Main and Interaction Effects in Factorial Designs

Key Concepts of Main and Interaction Effects

  • Main Effects

    • Definition: The effect of an independent variable on a dependent variable averaged over all other variables.
    • Example: When conducting a t-test, comparing two levels of a single independent variable measures a main effect.
  • Interaction Effects

    • Definition: Occur when the effect of one independent variable on a dependent variable varies depending on the level of another independent variable.
    • Example: When considering team cohesion interventions, the relationship between intervention outcomes can vary based on whether additional social support is provided.

Understanding Interaction Effects through Examples

  • Scenario Example:
    • Intervention Analysis: Pre and post intervention measurements for team leaders.
    • Factor A: Time (pre and post intervention)
    • Factor B: Social Support (provided vs not provided)
    • Results:
    • Group with No Support → Improvement in team cohesion,
    • Group with Support → Greater improvement in team cohesion, demonstrating an interaction effect.

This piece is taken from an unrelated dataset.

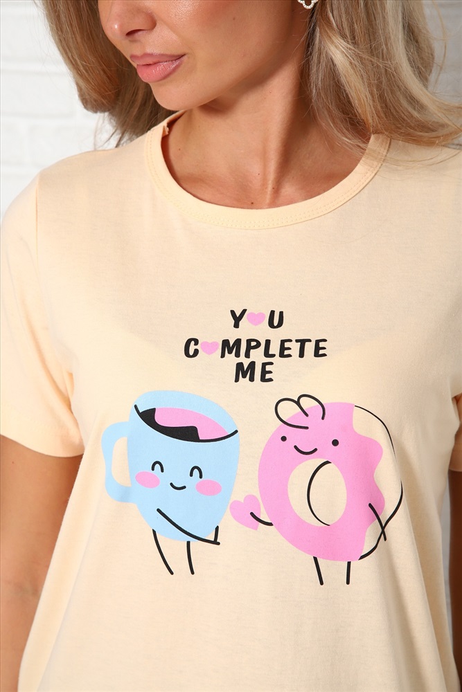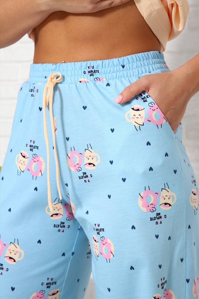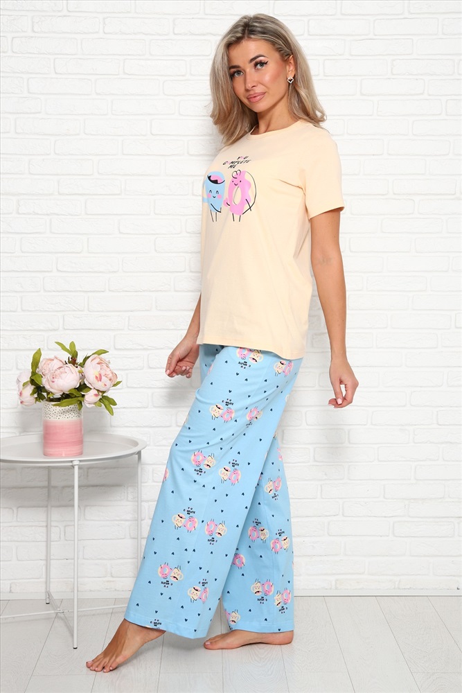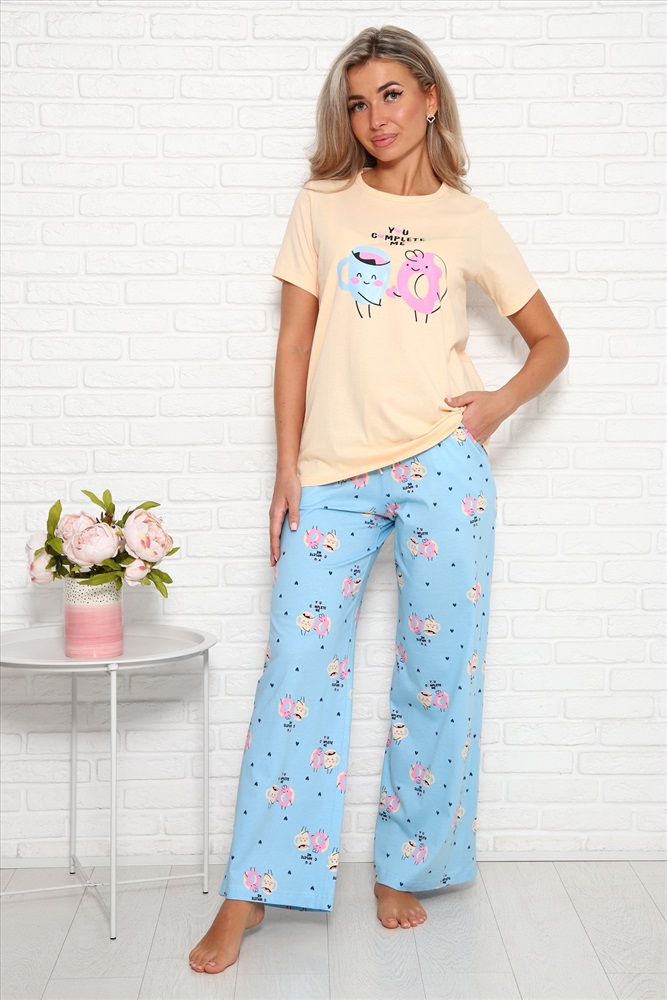 Состав: 100% Хлопок Модель: 1033 Пижама Тип товара: пижама с брюками Материал: кулирка | кулирка Бренд: ИП Кичемаев С.К. Карман: боковые Назначение: для дома НДС: 5% Особенности: на резинке Отделка: с карманами | с печатью Посадка: средняя посадка Рисунок: фуд-принт | надпись | разное Рукав: короткий рукав Сезонность: лето | осень | весна | зима Силуэт: прямой | свободный Стиль: домашний Воротник: без воротника Застежка: без застежки Пижама женская: футболка с короткими рукавами и очаровательной печатью на полочке, брюки-палацио на эластичном поясе, с боковыми карманами. Роскошный силуэт и комфорт хлопкового трикотажа. Таблица размеров и весафутболка

Factorial Designs and Their Benefits

  • Use of Factorial Designs: Allows for exploration of interaction effects between multiple independent variables.
  • ANOVA Example:
    • Two-way ANOVA with two by three design (two types of toys with different cartoon conditions):
    • Main Effects of Toy Type: Assessing general aggression levels with antisocial vs neutral toys.
    • Main Effects of Cartoon: Assessing aggression regardless of toy type.
    • Interaction of Toy and Cartoon: Significant interaction might indicate the effect of cartoon on aggression depends on the type of toy.

Application in Experiments

  • Hypothetical Lecture Example:
    • Lecture styles (cat memes vs dry) may influence sleep duration among students based on their hangover status, raising questions about main effects vs interaction effects.
  • Importance of Graphing Interactions:
    • Graphs clarify interactions and help visualize varying effects among different groups.

Graphical Interpretation of Interaction Effects

  • Seeking Interactions:
    • Parallel lines in a graph indicate no interaction effect, while non-parallel lines suggest a possible interaction.
  • Two Graph Examples:
    • Example 1 (No interaction): Women’s selection of date attractiveness remains higher than men's regardless of alcohol consumption → Parallel lines.
    • Example 2 (Interaction): Variations in selection based on alcohol levels for men and women at different consumption levels suggest an interaction → Non-parallel lines.

Statistical Confirmation

  • Main effects can be confirmed through ANOVA, rather than solely reliance on graphical data.
  • Graphs serve as tools for interpretation and hypothesis generation.